PBI76 EVOLUTION OF INTERVENTIONAL TRIALS FOR GENE THERAPIES

The aim of this analysis was to characterise the trends in studies aiming to assess gene therapies (GTs) for various designations. The databases of ClinicalTrials.gov have been downloaded on June 2019 and underwent automatized analysis using R algorithms for data mining. The databases were searched for records related to GTs using key words related to gene therapy, gene transfer and adeno-associated vectors. Relevant records were transferred to Excel-based data-extraction table. Trends over time in study phase, design and population were analysed considering 5 years periods from 1990 to 2019. The number of emerging clinical trials for GTs grow exponentially with 301 studies registered between 2015 and 2019. Between 1990 and 2019 the contribution of respective study phases to overall number of emerging records decreased for phase 1 studies (from 86% to 34%), increased for phase 1/2 (from 14% to 39%) and phase 3 (from 3% to 11%) studies, and remained stable for phase 2 (∼14%) and 2/3 trials (2%). The proportion of ongoing trials was 48% and 86% for all studies and studies registered since 2015, respectively.

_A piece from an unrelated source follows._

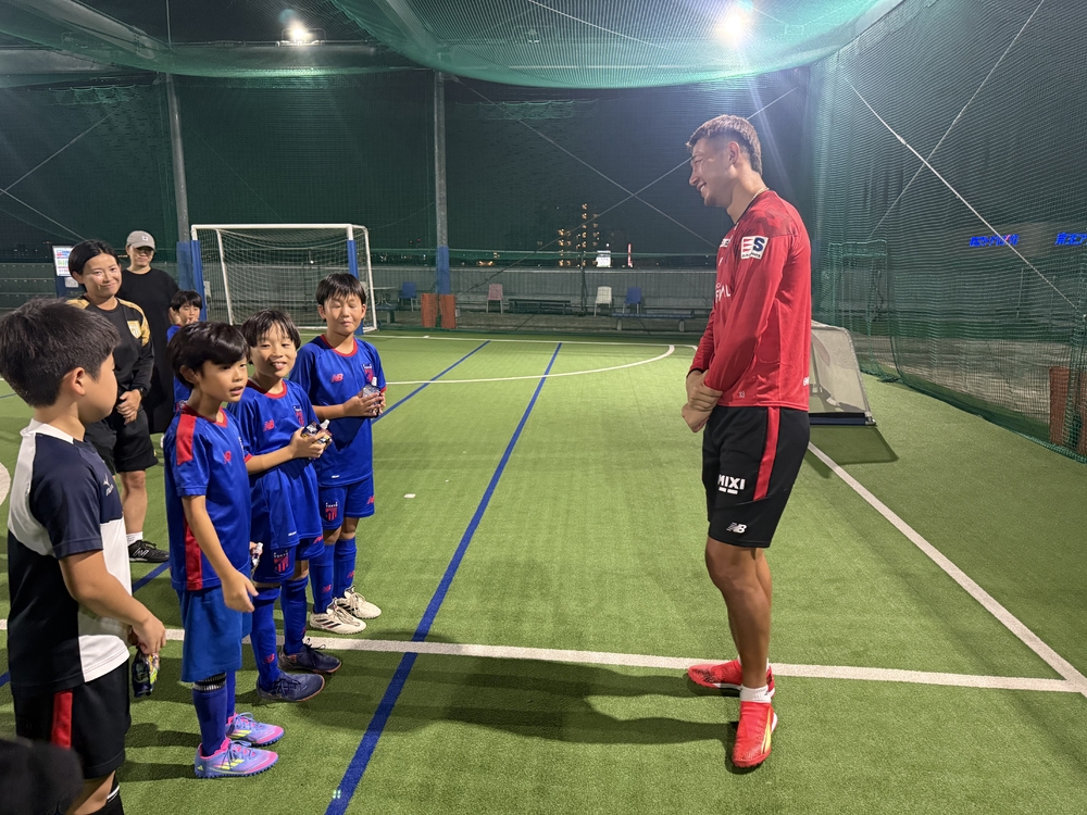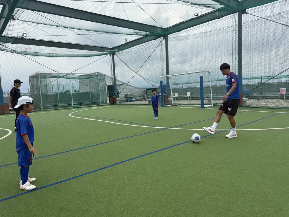 Die Schüler hörten aufmerksam auf die Worte von Spieler Higashi, wie wichtig der Winkel des Fußes, die Kraftdosierung und die Nutzung beider Füße ist, und es war sehr beeindruckend zu sehen, wie sie sich konzentrierten und sagten: „Ich werde es so machen, wie es mir beigebracht wurde!“

The overall proportions of completed and terminated studies were 32% and 11%, respectively. A total of 68% of the late-phase studies were designed as randomised controlled trials. Overall, studies targeted primarily oncological indications (41%), however the proportion of studies targeting malignant diseases decreased over time (-2% annually), while growing contributions of non-cancer haematological designations (0.7% annually), metabolic and ophthalmological diseases (both 0.5% annually), and muscular dystrophies (0.3% annually) were observed. Only few gene therapies have received market authorisation so far, and their availability is limited due to high costs, safety concerns and uncertain efficacy. The raising number of advanced clinical trials give hope that new therapies will be made available to treat patients in the coming years.